The second insight is from Letty’s inscription in Donal’s memory book in which she observes that all people are explorers on their own journeys, and upon standing back and looking at the good and bad fortune that maps one’s life, one will see that things smooth out. Thus, she argues, some may have great luck and others miserable misfortune. Still, in the end, things work out in a balanced way.
This notion leads back to the author once again and what Doig experienced as he wrote the ironically titled Last Bus to Wisdom. Given that he was at the height of his literary career, it was terribly unlucky for him and his readers that blood cancer led to his death. However, the reflections on good and bad fortune contained in the novel might never have been expressed in this way without the insights gained through his illness.

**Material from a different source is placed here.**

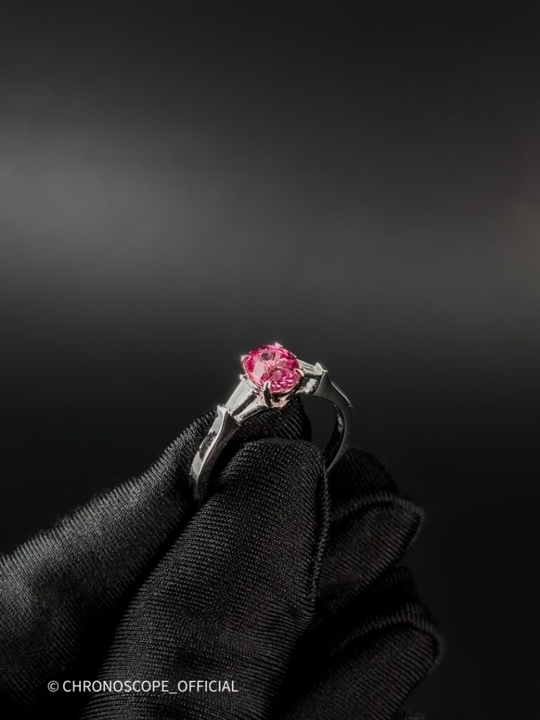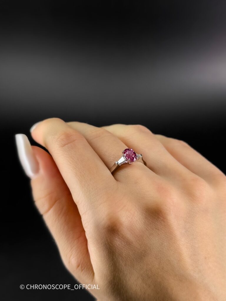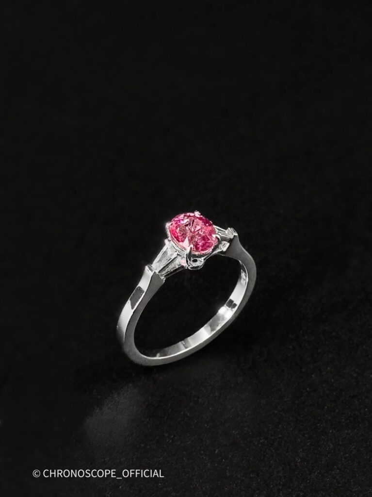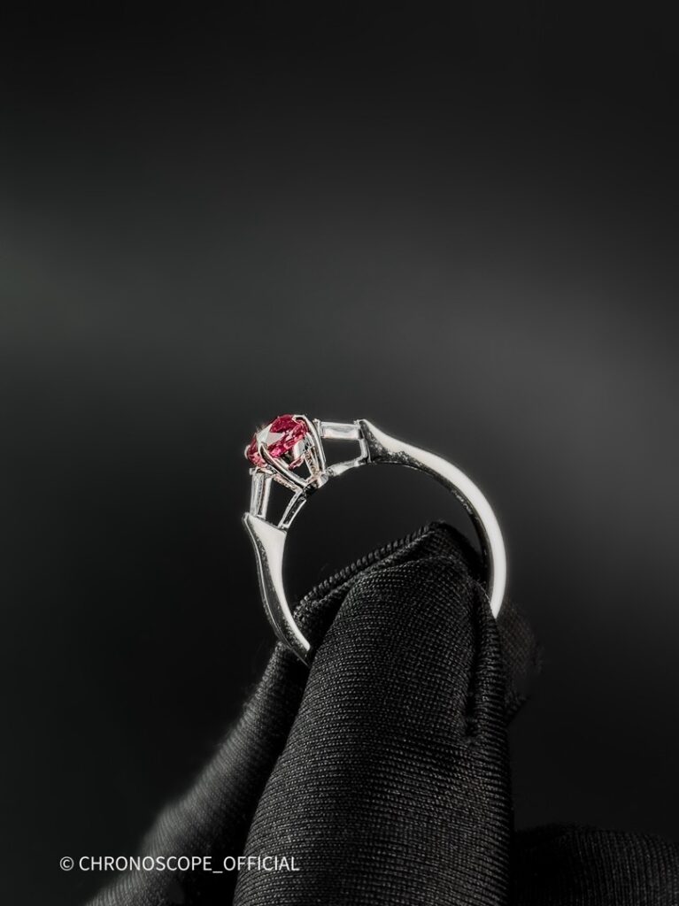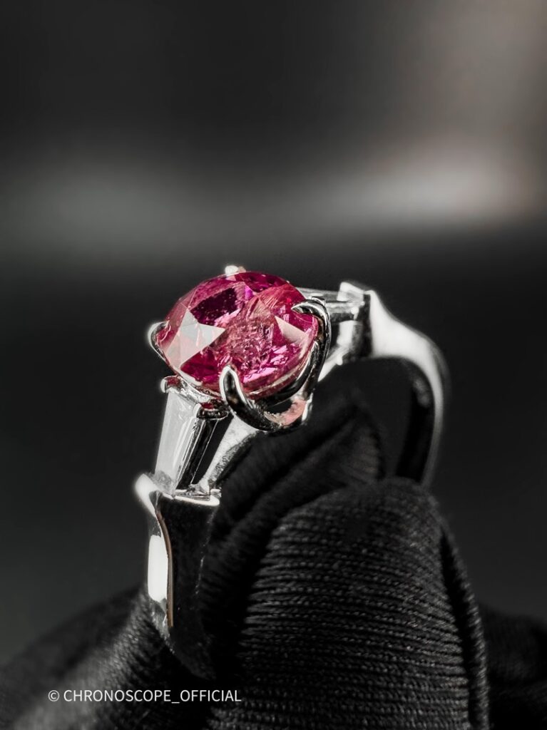 - Центральным элементом этого украшения является природный сапфир, обладающий редким и завораживающим цветом — ярко-фиолетово-красным. Его глубокий оттенок, словно бархат ночного неба, притягивает взгляд и дарит ощущение утонченности.

Through the end of the novel, Doig continues his focus on the common person, lending depth to even minor characters. Donal and Herman are cautioned about the unrefined roughness of the Johnson family, for instance. However, Doig depicts them as being not only honest, fair, accepting, and hardworking, but intelligent. For instance, when others call upon the worker known as Shakespeare to offer up a new limerick on the spur of the moment, he responds by paraphrasing a famous line from Richard the Third: “My kingdom for a source” (352). That the author imparts to a humble character such a depth of literary insight is Doig’s way of suggesting that there are multiple layers of meaning in the narrative—and in people who are often marginalized by society.